According to Dr. Lampert, patients can make a few changes to their diet and exercise regimen to help strengthen their heart and live more comfortably. These lifestyle changes include:

  • Decreasing salt intake:Salt can cause excess fluid retention and raise blood pressure, causing heart failure to get out of control.
  • Limiting fluid intake:Patients often think they should drink lots of water to stay healthy, but excess fluid intake can overwhelm patients with heart failure, leading to fluid retention in the legs, lungs, abdomen and throughout the body.Patients with severe heart failure are often asked to drink less than two liters of fluid per day.
  • Weigh yourself every day:Unexplained weight gain can be a sign of fluid retention.Patients should weigh themselves every day at the same time on the same scale and wearing the same amount of clothing. Weight increases of two pounds in one day or four pounds in a week should prompt a call to your doctor.
  • Exercise:Exercising most days of the week will improve muscle and cardiovascular fitness, reducing many of the symptoms and problems caused by heart failure.Enrollment in cardiac rehabilitation can be appropriate for some patients to help develop a safe exercise plan.


3. Rely on friends and family members

Patients with heart failure need a strong support system of friends and family members who can help them with treatment. They can help in all aspects of a patient’s lifestyle, from helping fill pill boxes and monitoring daily weights, to encouraging daily exercise and cooking healthy meals.

“Friends and family play an important role in helping patients with heart failure,” according to Dr. Lampert. “They can help monitor symptoms and recognize worsening symptoms, of which the patient may not even be aware.”

Family can also help patients keep up with their diet and exercise regimen by learning how to prepare low-sodium foods, reading labels and keeping track of sodium intake. And to encourage patients with heart failure to remain as active as possible, it is a good idea to take walks together and participate in fun, aerobic activities like swimming, yoga and tennis.


4. Find the right care team

For patients seeking treatment for heart failure, the comprehensive, multidisciplinary heart program at Ohio State offers all these options and more.

“Ohio State is the only program in central Ohio that can offer heart transplantation and has the largest number of possible research trials,” Dr. Lampert explains. “Our team can provide a comprehensive assessment of your condition and individualize the right treatment plan.”

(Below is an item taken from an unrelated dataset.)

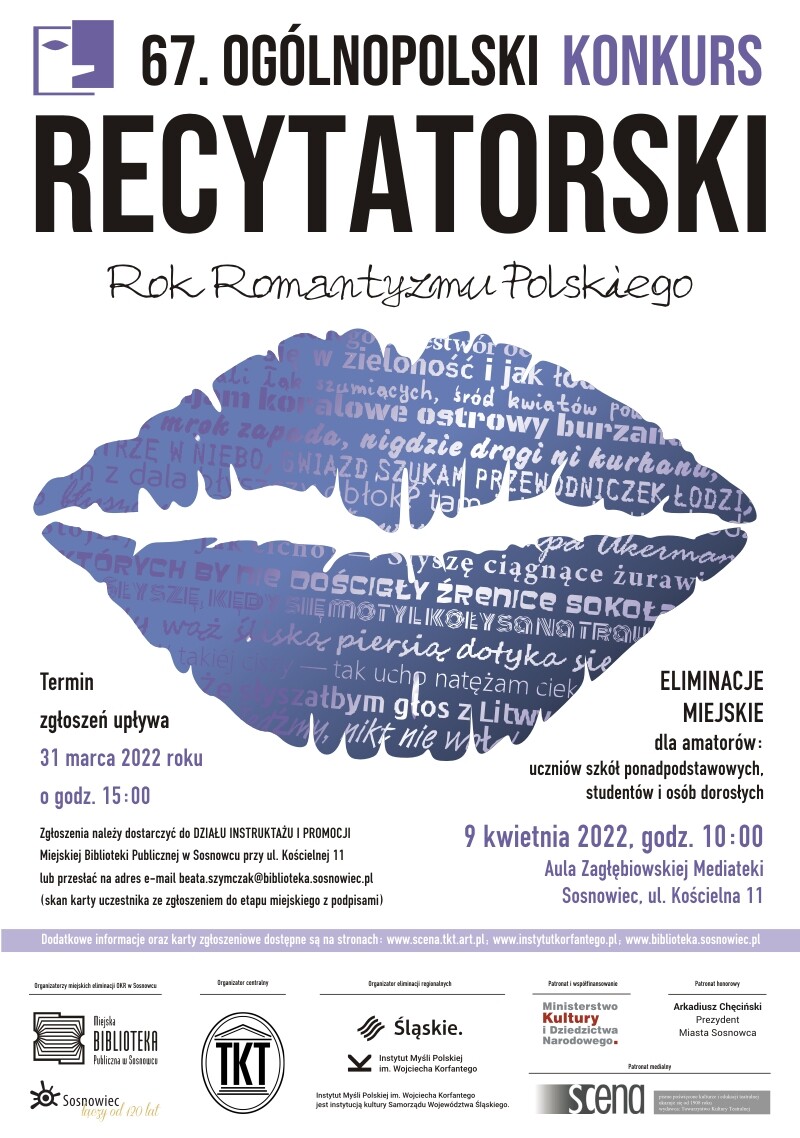 Miejska Biblioteka Publiczna im. Gustawa Daniłowskiego w Sosnowcu informuje, że Instytut Myśli Polskiej im. Wojciecha Korfantego w Katowicach, wzorem lat ubiegłych, ogłosił 67. edycję Ogólnopolskiego Konkursu Recytatorskiego dla amatorów: uczniów szkół ponadpodstawowych, studentów oraz osób dorosłych. Konkurs organizowany jest przez Towarzystwo Kultury Teatralnej w Warszawie, pod patronatem i przy finansowym wsparciu Ministerstwa Kultury i Dziedzictwa Narodowego oraz pod patronatem honorowym Prezydenta Miasta Sosnowca – Arkadiusza Chęcińskiego.

The heart team at Ross Heart Hospital, which includes heart-failure specialty physicians, nurse practitioners, nurses, pharmacists, cardiac rehabilitation specialists, social workers, heart surgeons and dietitians, has helped thousands of patients live a full and happy life. Bob Garner, who was on heart failure medication for eight years before seeking a second opinion at Ohio State, is one of them.

“I basically didn’t have a quality of life until I went to Ohio State,” he says. “I couldn’t walk 10 feet without wanting to collapse.”

Garner’s doctors recommended a left ventricular assist device (LVAD), a mechanical pump attached to the heart that helps it pump blood to the rest of the body. The LVAD gave Garner’s heart the help and rest it needed while he awaited a heart transplant, which he received almost three years ago at the Ross Heart Hospital.

“After the heart transplant, I can do pretty much anything I want, whether that is throwing a softball outside, playing cornhole—whatever whatever I want to do now, I can do!”

And Garner says he can do all of this thanks to his heart donor and his care team at Ohio State.

“The people at Ohio State are absolutely the greatest. I became friends with a lot of them, whether they were the nurses, the cardiac rehab, the trainers, the doctors, I can’t say enough how great they are.”